O outro é o depoimento especial, quando a criança é ouvida perante a autoridade judicial ou policial. Esse depoimento será intermediado por profissionais especializados que esclarecerão à criança os seus direitos e como será conduzida a entrevista, que será gravada em vídeo e áudio, com preservação da intimidade e da privacidade da vítima ou testemunha.

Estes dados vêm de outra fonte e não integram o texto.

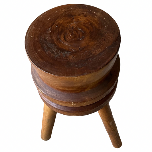 Brutalist 3-Leg Stool with Wood Slice

A oitiva tramitará em segredo de justiça.

Para o senador, infelizmente, ainda há no país frequente desrespeito aos direitos da criança e o descumprimento de suas garantias. “Sabemos que a violência contra crianças e adolescentes não tem fronteiras, não escolhe raça nem escolhe cor, não tem religião nem cultura. Ela está presente em lares, em escolas, nas ruas, em lugares de trabalho e em centros de detenção”, afirma.

Os parlamentares também aprovaram o projeto que determina prioridade na tramitação de processos, da competência do juízo de família, envolvendo acusação de alienação parental. A matéria segue à Câmara dos Deputados.

Segundo Humberto, o tempo para resolver judicialmente questões extremamente delicadas como a guarda de filhos menores de idade é precioso e crucial, o que requer que a lei imponha ao juiz a preferência do respectivo processo em relação às demais matérias em tramitação no juízo de família.

Também foi a plenário a proposta que inclui no Código Civil a possibilidade de curatela compartilhada para pessoas maiores de 18 anos com deficiência física grave ou deficiência mental. Os senadores, no entanto, decidiram devolver o texto à Comissão de Constituição e Justiça da Casa para aprofundamento das discussões.

De acordo com o texto, a curatela compartilhada seguirá os mesmos parâmetros da guarda compartilhada: os curadores irão dividir a responsabilidade pelos cuidados com o maior de idade que necessita de cuidados especiais, sempre atentando ao melhor interesse do curatelado. “Atualmente, a curatela prevista tanto no Código Civil quanto no Código de Processo Civil confere poderes para somente uma pessoa zelar e cuidar do incapaz. Isso vai mudar”, avisa Humberto.